Energy, cement firms eye total of HK$2b in IPOs
Eric Ng and Paggie Leung
Two mainland companies unveiled plans to go public in Hong Kong, targeting a total of HK$2 billion after earlier delaying their announcements due to poor market conditions.
SPT Energy, a Beijing-based drilling and well-services provider, aims to raise up to HK$546 million by selling 335 million shares at HK$1.23 to HK$1.63 each. It is pitching its shares at 7.6 to 10 times this year's forecast earnings. Rival Anton Oilfield Services last traded at 10.2 times this year's estimated earnings.

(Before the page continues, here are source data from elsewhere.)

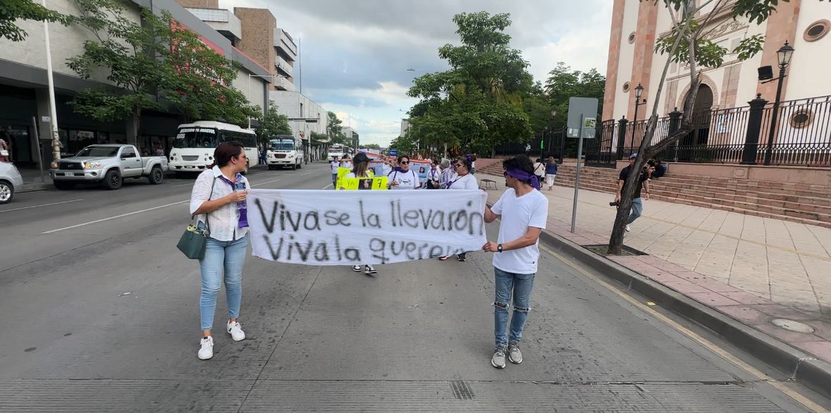 Culiacán, Sinaloa; a 21 de agosto de 2025.- Familiares y amigos tomaron las calles de Culiacán este jueves para exigir la localización de Patricia Villa Olivas, Francisco Javier Quiñónez Gastélum y Denisse Alejandra Avitia Villa, desaparecidos desde el 14 de agosto cuando viajaban por la carretera Culiacán-Mazatlán.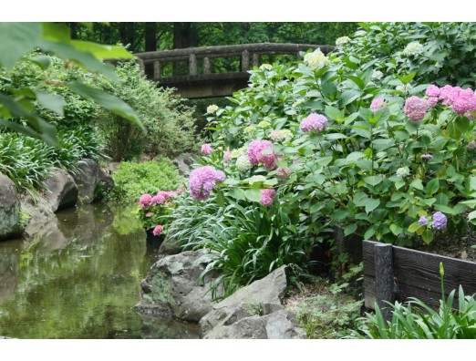「渓流と橋の風景」 長居植物園、アジサイ園にて――。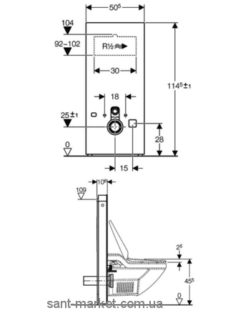 • 2 різьбові шпильки М12 для кріплення санфаянсу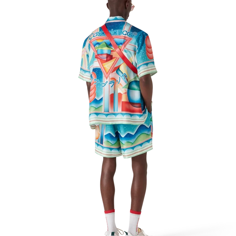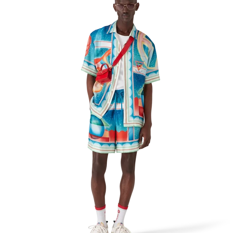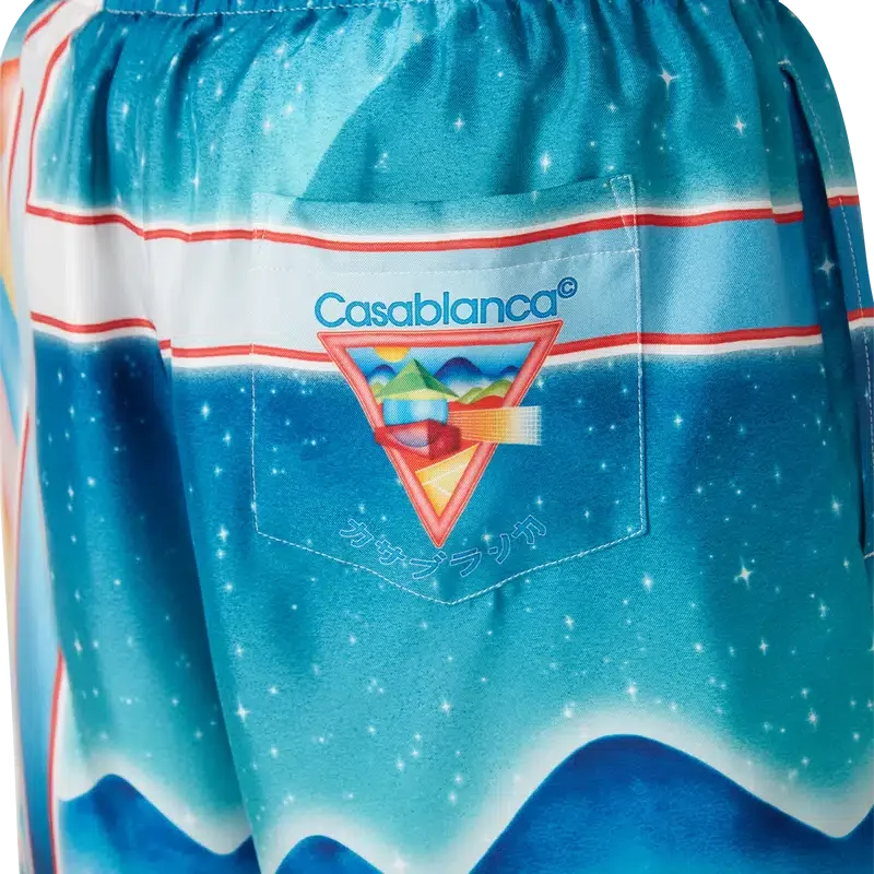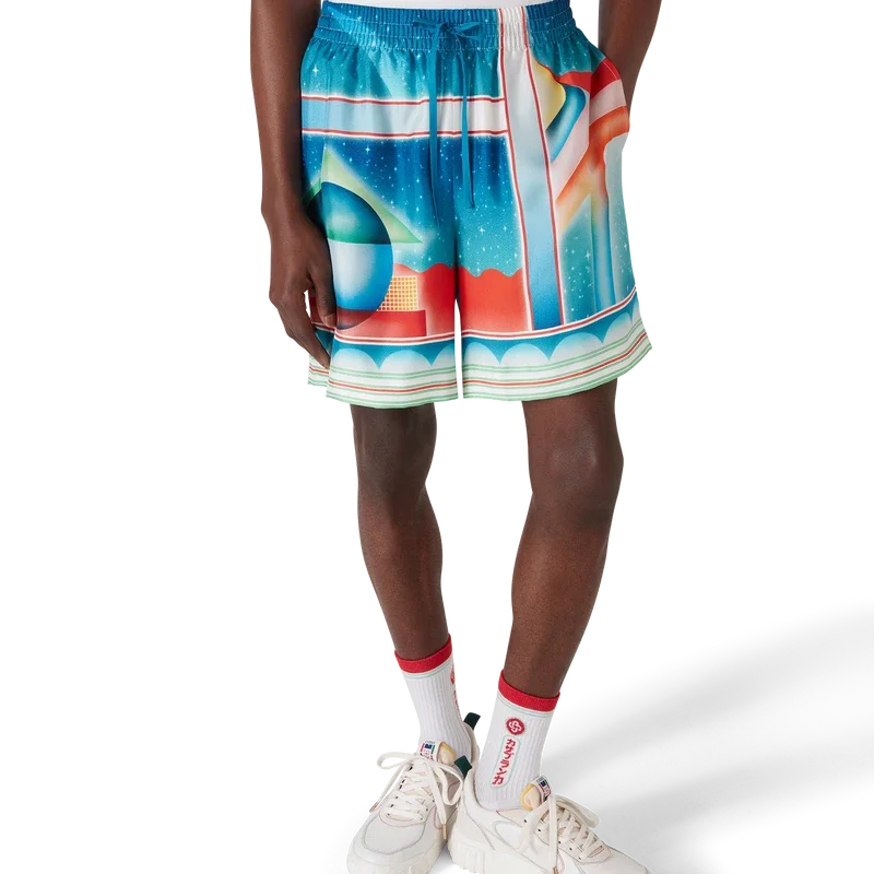 I pantaloncini in seta Galaxy Court presentano una stampa all-over e sono realizzati in twill di seta. Sono dotati di elastico in vita, chiusura con coulisse, fodera, tasche laterali a filetto e tasca posteriore.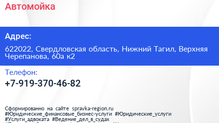 Автомойка по адресу 622022, Свердловская область, Нижний Тагил, Верхняя Черепанова, 60а к2 в дальнейшем Организация, размещена в следующих категориях: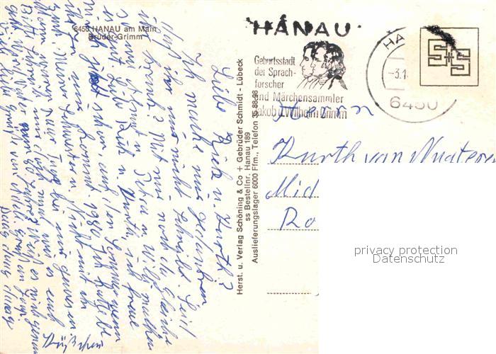 72664026 alte Postkarte Hanau Main Brueder Grimm Denkmal postalisch gelaufen Erhaltung siehe scans [FriedD77] KatCode: 11110006435014
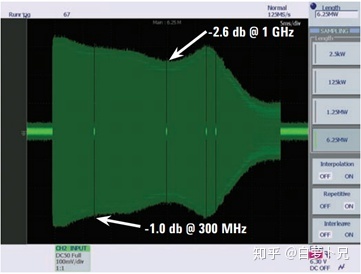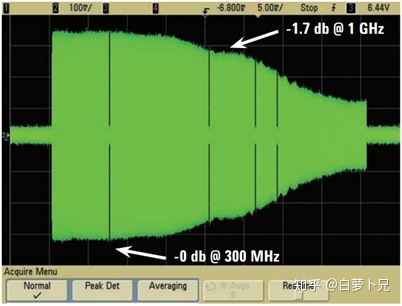 在示波器的 1 GHz 带宽中,大约有三分之一的部分几乎没有衰减(0 dB)。但是,并非所有示波器均表现出此类响应。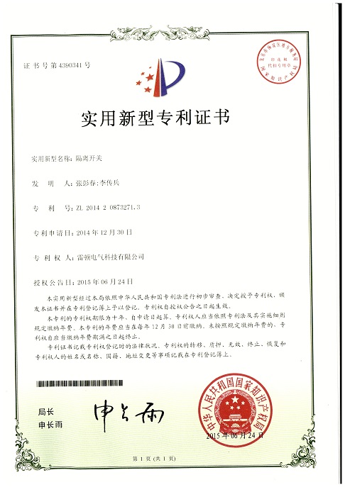 204[專(zhuān)利證書(shū)]隔離開(kāi)關(guān)(實(shí)用)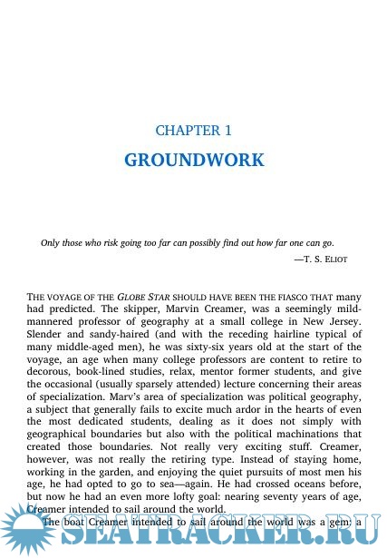 Travel with Creamer as Globe Star sails around the perilous Horn, across the dangerous and tumultuous Tasman Sea, and into an active war zone. Sail around the world with a man who was taken prisoner by an idea, a man obsessed with proving a point, and who would let neither 40-foot waves nor fractious crewmembers deter him.
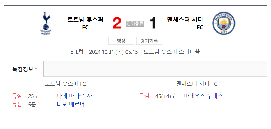 맨시티도 전반 추가시간에 마테우스 누네스가 사비뉴의 크로스를 받아 만회골을 터뜨리며 추격을 시작했습니다. 후반전 내내 맨시티는 토트넘의 골문을 압박하며 역전을 노렸지만, 토트넘 수비진의 견고한 방어와 집중력으로 추가 득점은 허용되지 않았습니다. 결국 경기는 2-1로 마무리되며, 토트넘이 승리의 기쁨을 만끽했습니다.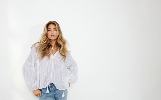 Wallpaper Beautiful actress Dautzen Cruz on a gray wall background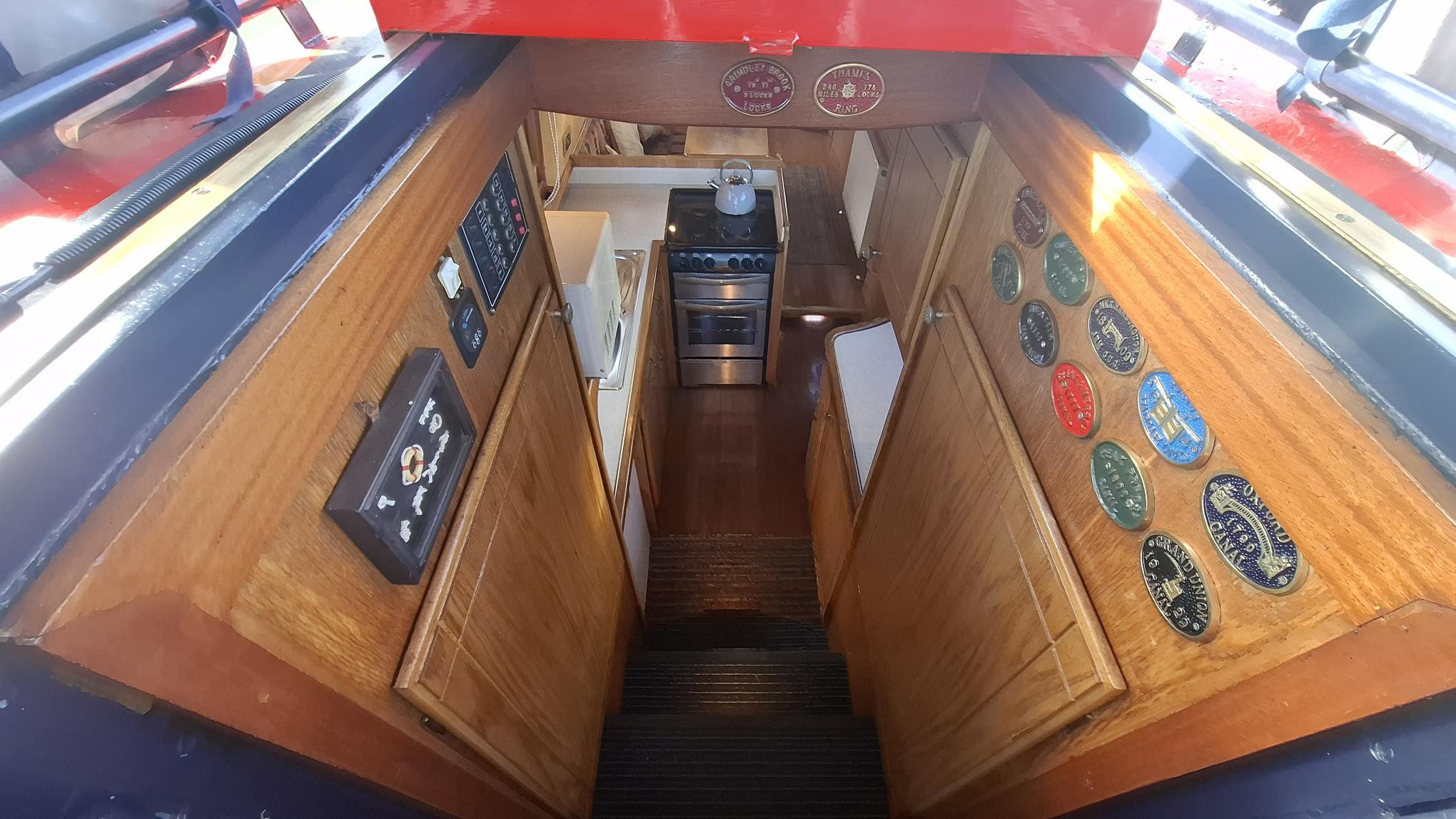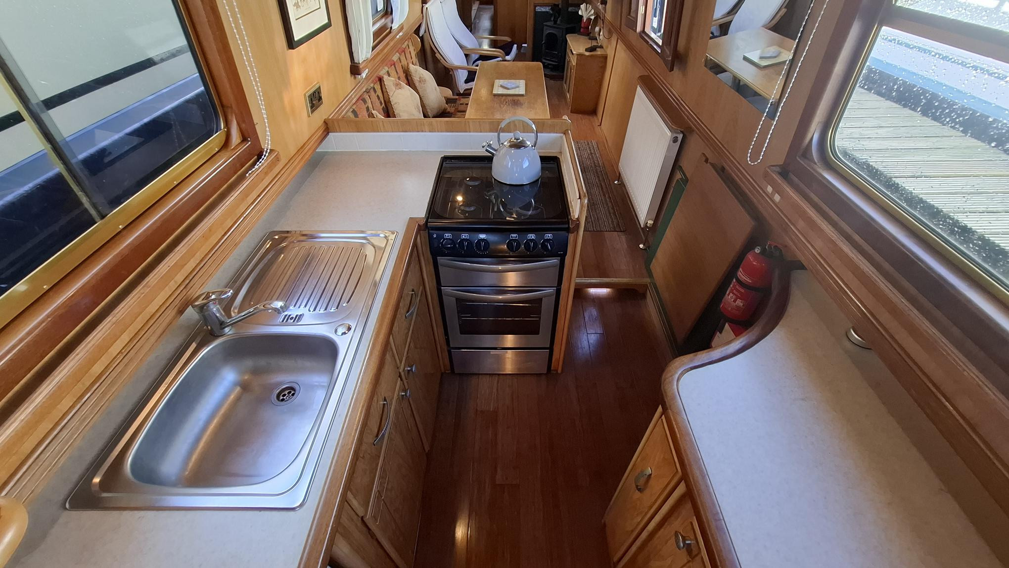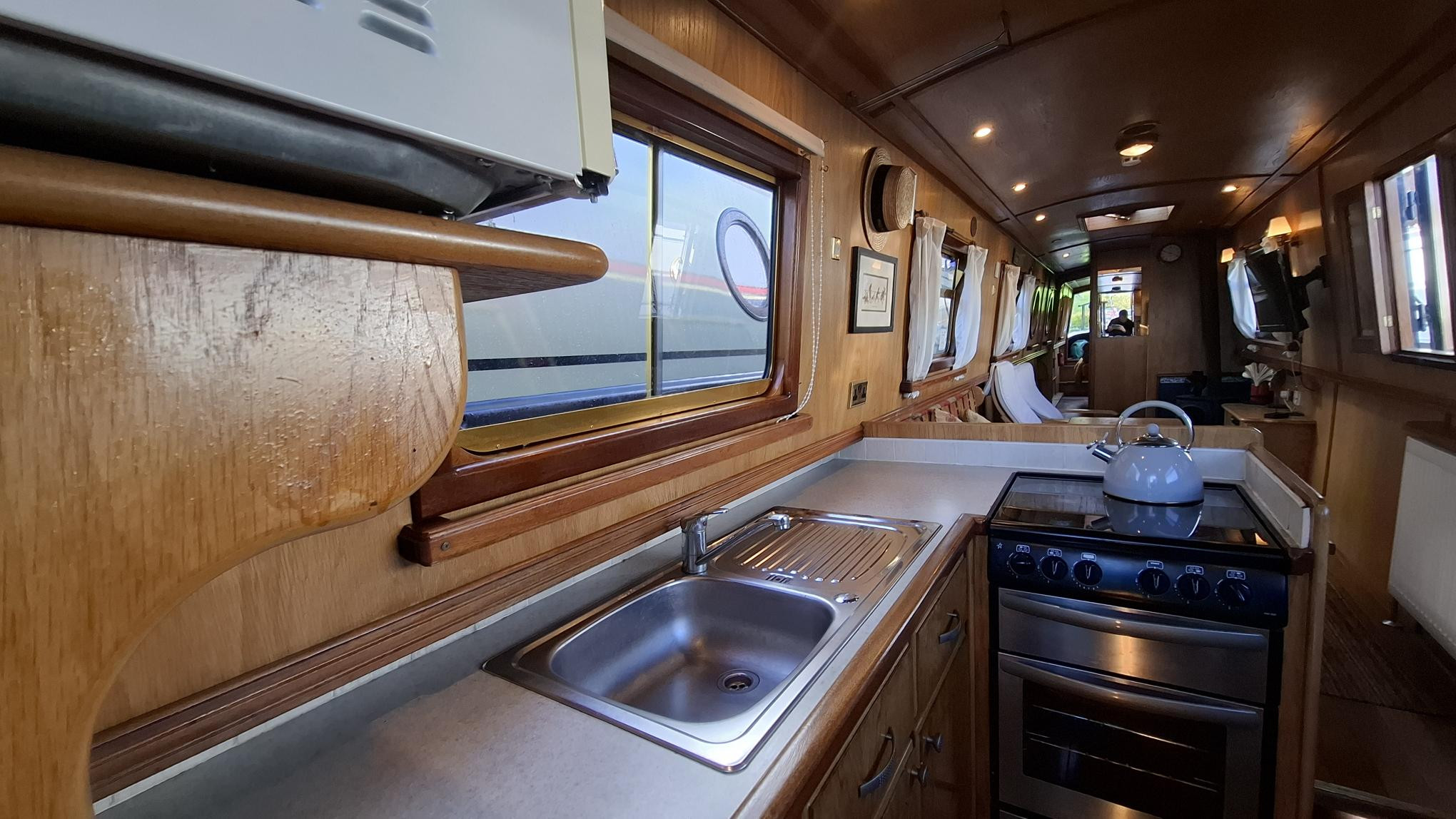 A beautifully presented 60ft semi-traditional narrowboat combining quality craftsmanship with modern liveaboard comfort. Powered by a reliable Beta 43 engine (3,320 hrs) with PRM gearbox, Vetus 55kgf bow thruster, and recent service including new drive plate. Stylish oak fit-out throughout with veneered oak flooring, spacious saloon, fully equipped galley, and dining for eight. Features include Stovax stove, Webasto central heating, Vetus pump-out toilet, and enclosed shower. Electrical setup boasts Victron 3kW inverter/charger, 2×200W solar panels, and new batteries (2023–24). Freshly blacked (Jan 2024) and BSC valid to April 2026. Finished in Mauritius Blue, Red & Cream – a superb, ready-to-cruise boat offering excellent value and comfort for extended cruising or liveaboard life. Sold as seen.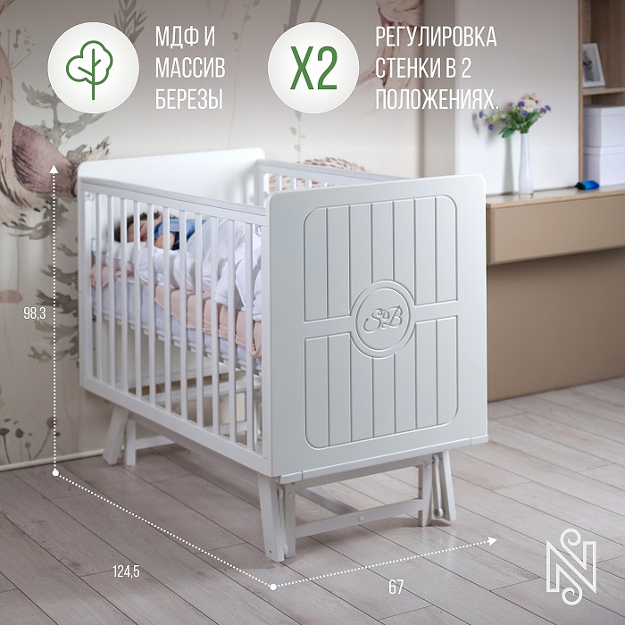 Кровать для новорожденного выполнена из массива березы и МДФ, а для ее покрытия использовалась безопасная для здоровья малыша краска. Чтобы малыш не мог пораниться об дерево во время прорезывания зубов, бортики оснащены силиконовыми накладками. Sweet Baby Nuovo может использоваться как приставная кровать или диванчик благодаря съемному бортику.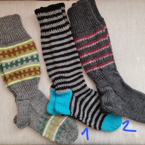 Puolison neulomia lapasia. Lankana 7-veljestä. Punamustat myyty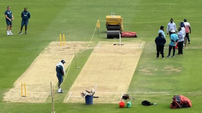 Pitch for the #IndvEng Hyderabad Test before it was put under covers. Not sure that’s a five day Test, but let’s see what happens. #IndvsEng pic.twitter.com/0clr16W8IC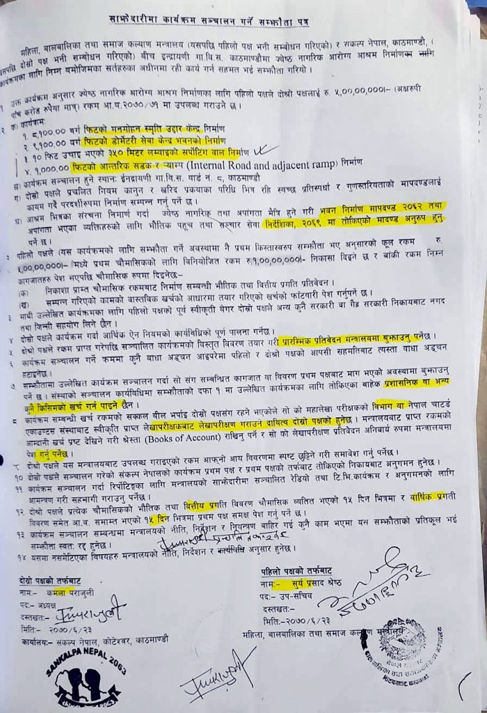 आयोगको अध्यक्ष पराजुली नै तत्तकालिन समयमा अध्यक्ष रहनुभएको संकल्प नेपालले निर्माण गरेको संकल्प जेष्ठ नागरिक ग्रामको कामलाई अदालतले कारण देखाउ आदेश जारी गरेपछि आफुले संवैधानिक आयोगबाट विदा लिएर, कार्यवहाक ताकेर वा राजिनामा दिएर आदलतलाई छानविनको लागि बाटो खुल्ला गर्नुपर्छ की पर्दैन ? आम महिलाको लागि मात्र नभई नेपाली जनताको नै प्रश्न बनेको छ ।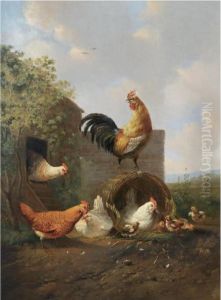 Three Dogs In A Landscape ; A Rooster With Hens And Chicks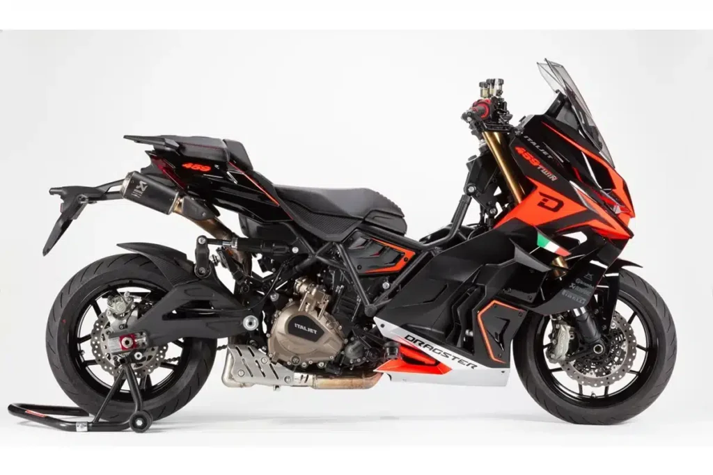 同車はEICMA 2024で発表され、後に市販化された前後15インチホイールを採用した水冷4ストローク2気筒700ccエンジン搭載のモンスターマシン・DRAGSTER 700 TWIN(ドラッグスター700ツイン)の血統を受け継ぐ本格派スポーツモデルに仕上げている。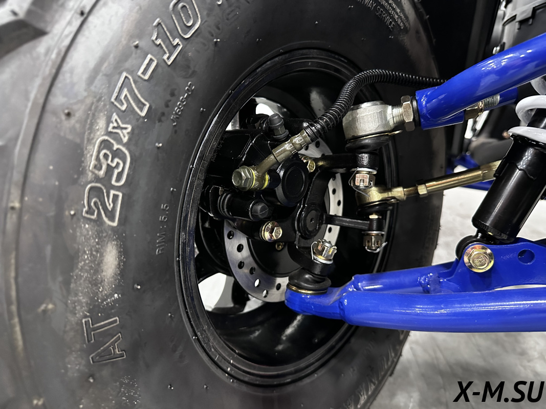 Гидравлическая тормозная система, замкнутая в общий контур, который равномерно распределяет нагрузку на все колёса, с вентилируемыми тормозными дисками Nippon (Hitachi) отвечают за эффективное торможение. Регулировка хода курка газа – если вы учите своего ребенка общению с техникой.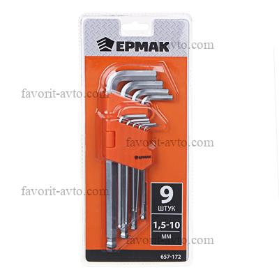 ЕРМАК Набор ключей - шестигранников 1,5-10мм.,9шт. 1/12/72 |
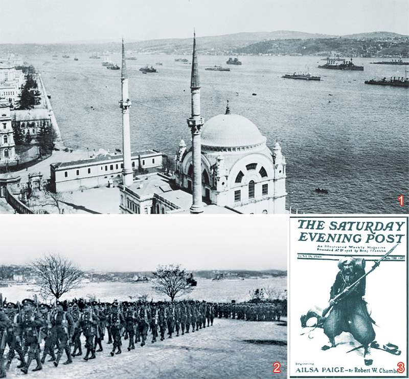 (1) İşgal yılarında Dolmabahçe önündeki itilaf devletlerine ait gemiler(2) Allied troops landing at Sarayburnu(3)1910 yılında Amerika'da yayınlanan The Saturday Evening Post'un kapağında, barbar ve vahşi bir biçimde çizilmiş Türk askeri resmi. O dönemde ABD basını, Ortadoğu ile ilgili bütün istihbaratı İngilizlerden almakta ve bunun sonucunda korkunç bir "Türk" algısı oluşmaktaydı. (Türk Milletini tenzih ederiz.) |

Meanwhile, China Tianrui Group Cement aims to raise up to HK$1.45 billion by selling 400.9 million shares at HK$2.41 to HK$3.61 each. It is pitching its shares at 3.8 to 5.6 times this year's projected profit. In this year's first-half, SPT sourced 31.5 per cent of its sales from drilling services, 18.3 per cent from well preparation and 50.2 per cent from output-enhancement services.
Kazakhstan contributed 53.4 per cent of the firm's sales in the six-month period, with 30 per cent from the mainland. China National Petroleum Corp (CNPC), parent of listed PetroChina - the nation's largest oil and gas producer - accounted for 65 per cent to 72 per cent of its sales in the past three years.
While having a state-backed giant such as CNPC as its mainstay customer has helped business growth in the past few years, it also brought operating risks, partly due to SPT's weak bargaining power against CNPC.
After PetroChina disclosed that it found huge new reserves in its Jidong oilfield in 2007 - billed by the oil giant as one of the largest domestic oil discoveries in decades - it planned a huge investment budget and urged SPT to prepare for the project. SPT took the risk of buying 69.4 million yuan (HK$84.8 million) of inventory without having a binding order from PetroChina.
The field's reserves turned out to be much less than expected, resulting in far fewer services required. SPT was forced to make a 58.5 million yuan write-down of the stock that could not be used elsewhere.
Li Qiang, strategy-planning director, said SPT was cutting its reliance on CNPC and had won orders in Indonesia, Kazakhstan and North America from other clients.
SPT has forecast a net profit of at least 177 million yuan for this year, up from 119 million yuan last year and 85 million yuan in 2009.
It plans to use HK$145 million of the listing proceeds to buy manufacturing equipment, some of which are to execute orders for drilling gas trapped between shale rocks and coal seams. Some HK$83 million is earmarked for acquisitions to broaden its product line, another HK$83 million to pay back bank loans and HK$62 million to carry out research and build manufacturing facilities.
China Tianrui Group Cement has forecast its net profit to be at least 1.25 billion yuan this year, up from 398 million yuan last year and 163 million yuan in 2009. It plans to use 95 per cent of net proceeds to repay loans.
Chief executive Li Heping said he was upbeat about cement prices next year, citing Beijing's policy to phase out obsolete capacity and strictly control new plant construction.